Murder suspect Nathaniel Roy Lawton, 54, allegedly committed suicide while deputies were at his door to serve a search warrant.
They had gone to Lawton's Barron Drive apartment to look for evidence after hearing he had killed a woman, and cut her to pieces with a hacksaw.
Deputies now have reason to believe that the body parts were strewn across West Virginia and Ohio. Investigators spent most of Friday searching for answers in a likely crime of passion that's shaken everyone who knows the couple to their core.
A murder, a dismemberment, and a suicide...a chain of events that's left even the most veteran police in shock.
"This is one of the worst cases we've seen," explained Chief Deputy John Rutherford of the Kanawha County Sheriff's Office. "We have a task in front of us now to try and locate the rest of the remains," he said in a news conference on Friday.
Deputies say Lawton killed his girlfriend, Carol Ann Rhim, 53, sometime on Tuesday, then dismembered her body in the bathtub of their Institute apartment.
An informant went to police, and deputies soon learned that Lawton bought a hacksaw and tarp from Advance Auto Parts in Dunbar.
Armed with a search warrant, they closed in, but deputies say Lawton shot himself in the head as they knocked on his door Thursday night.
"He just was extremely jealous.

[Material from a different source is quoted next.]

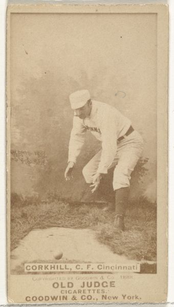 Editor: This is "Frederick B. 'Ned' Jevne, Left Field, Minneapolis," a photograph from the Old Judge series by Goodwin & Company, dating to between 1887 and 1890. What strikes me is its original purpose – an advertisement inserted into cigarette packs. Given its context as an early form of marketing, what significance do you see in these baseball player portraits? Curator: Precisely. The N172 series reveals much about late 19th-century American culture. Think about the burgeoning popularity of baseball, and how companies like Goodwin leveraged this to sell products. How do you think presenting these athletes as stoic heroes might have played into the construction of a specific American identity and its commercialization? Editor: It’s almost like early influencer marketing! So, baseball players became symbols used to promote ideals connected with "Old Judge" cigarettes and that era. Was this image accessible across different classes at the time? Curator: It’s more complex than simple access. Cigarettes were increasingly common, but these cards would've primarily circulated amongst those who could afford them regularly. More critically, examine who *wasn't* represented. Consider how race, class, and gender were implicitly shaping who was considered a hero or worthy of celebration within this emerging commercial culture. This is as much about visibility as it is about absence. Editor: That’s a great point. Thinking about what wasn’t depicted makes me see the image as more than just a baseball card; it reflects social and economic forces at play. Thanks for highlighting that. Curator: It shows how marketing participates in culture building. Now consider the ethical issues arising when advertising aims to sell items by exploiting famous persons and team spirit. It gives food for thought, indeed!

Obsessed with her," explained her brother, Teddy Rhim. Sitting in shock after hearing the news, he is unable to cope with the horrific way his sister was murdered.
"Mad comes first, helpless...to the point where she was probably calling out for me for help," he told Eyewitness News.
"This was a total shock," said Wayne Gherke who worked with Lawton for over a decade. Lawton worked for nearly 20 years as a custodian at the mail processing plant at Southridge in South Charleston.
He was described as a "gentle giant," and a man with no criminal history. Co-workers said he was a "happy" person.
"It's like the sun rising in the west, and setting in the east. Totally out of character for what happened," said Gherke.
Deputies found Rhim's head and hands in the trunk of Lawton's car, which they believe was an attempt to conceal her identity if the rest of her remains were discovered.
"What type of person, against someone they love goes out and shops for tarp, saw, and have the conscience to get an extra blade to hide what they've done?" said Rhim's brother.
Lawton's 87-year-old mother also lived in the apartment, but she is nearly comatose and unable to provide police with any information. Lawton left a hastily written note for police on how to care for her, but that was all it said.